The pattern is in fact similar to the one we observed before: increasing the size of the ensemble \(N\) helps, but the improvements become smaller after a certain value of \(N\). You are strongly encouraged to verify this by repeating the above experiment with different train/test splits. Furthermore, a very good exercise is to explore what happens with the MSPE of the bagged ensembles (for different values of \(N\)) when the MSPE is estimated using cross-validation (instead of using a specific test set). Do it!

14.1 More efficient, useful and elegant implementation

I will now illustrate a possibly more efficient way to implement bagging, namely storing the \(N\) trees (rather than their predictions on a given data set). In this way one can re-use the ensemble (on any future data set) without having to re-train the elements of the bag. Since the idea is the same, I will just do it for ensemble of \(N = 100\) trees. To simplify the comparison between this implementation of bagging and the one used above, we first re-create the original training / test split

set.seed(123456)
n <- nrow(Boston)
ii <- sample(n, floor(n / 4))
dat.te <- Boston[ii, ]
dat.tr <- Boston[-ii, ]

Now, let’s create a list of 100 (empty) elements, each element of this list will store a regression tree:

N <- 100
mybag <- vector("list", N)

Now, we train the \(N\) trees as before, but store them in the list (without computing any predictions):

set.seed(123)
for (j in 1:N) {
  ii <- sample(n.tr, replace = TRUE)
  mybag[[j]] <- rpart(medv ~ ., data = dat.tr[ii, ], method = "anova", control = con)
}

Given a new data set, in order to obtain the corresponding predictions for each tree in the ensemble, one could either:

  • loop over the \(N\) trees, averaging the corresponding \(N\) vectors of predictions; or
  • use sapply (check the help page if you are not familiar with the apply functions in R).

The later option results in code that is much more elegant, efficient (allowing for future uses of the ensemble), and compact.

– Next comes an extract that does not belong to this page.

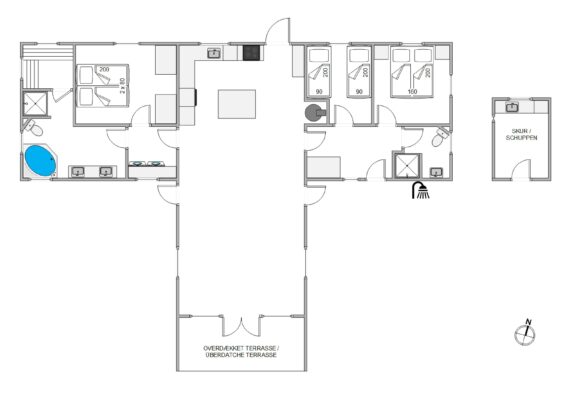 Har I været en tur på stranden, og været i vandet, har I her mulighed for at blive skyllet under feriehusets udebruser. OBS: Udebruseren er kun tilgængelig fra april-november.

Of course both give exactly the same results. Below we illustrate both strategies. If we use the first approach (loop) we obtain the following estimated MSPE using the test set:

pr.bagg2 <- rep(0, nrow(dat.te))
for (j in 1:N) {
  pr.bagg2 <- pr.bagg2 + predict(mybag[[j]], newdata = dat.te) / N
}
with(dat.te, mean((medv - pr.bagg2)^2))
#> [1] 12.10982

(compare it with the results we obtained before). Using the second approach (sapply):

pr.bagg3 <- rowMeans(sapply(mybag, predict, newdata = dat.te))
with(dat.te, mean((medv - pr.bagg3)^2))
#> [1] 12.10982

Both results are of course identical.

14.2 Bagging a regression spline

Bagging does not provide much of an advantage when applied to linear predictors (can you explain why?) Nevertheless, let us try it on the lidar data, which, as we did before, we randomly split into a training and test set:

data(lidar, package = "SemiPar")
set.seed(123456)
n <- nrow(lidar)
ii <- sample(n, floor(n / 5))
lid.te <- lidar[ii, ]
lid.tr <- lidar[-ii, ]

Now fit a cubic spline, and estimate the MSPE using the test set:

library(splines)
a <- lm(logratio ~ bs(x = range, df = 10, degree = 3), data = lid.tr)
oo <- order(lid.tr$range)
pr.of <- predict(a, newdata = lid.te)
mean((lid.te$logratio - pr.of)^2)
#> [1] 0.007427559

We build an ensemble of 10 fits and estimate the corresponding MSPE using the test set:

N <- 10
myps <- matrix(NA, nrow(lid.te), N)
set.seed(123)
n.tr <- nrow(lid.tr)
for (i in 1:N) {
  ii <- sample(n.tr, replace = TRUE)
  a.b <- lm(logratio ~ bs(x = range, df = 10, degree = 3), data = lid.tr[ii, ])
  myps[, i] <- predict(a.b, newdata = lid.te)
}
pr.ba <- rowMeans(myps) # , na.rm=TRUE)
mean((lid.te$logratio - pr.ba)^2)
#> [1] 0.007552562

Note that the estimated MSPE is almost the same as the one of the original single spline. Furthermore, adding more elements to the ensemble does not seem to improve the estimated MSPEs:

N <- 100
myps <- matrix(NA, nrow(lid.te), N)
set.seed(123)
n.tr <- nrow(lid.tr)
for (i in 1:N) {
  ii <- sample(n.tr, replace = TRUE)
  a.b <- lm(logratio ~ bs(x = range, df = 10, degree = 3), data = lid.tr[ii, ])
  myps[, i] <- predict(a.b, newdata = lid.te)
}
pr.ba <- rowMeans(myps) # , na.rm=TRUE)
mean((lid.te$logratio - pr.ba)^2)
#> [1] 0.0075887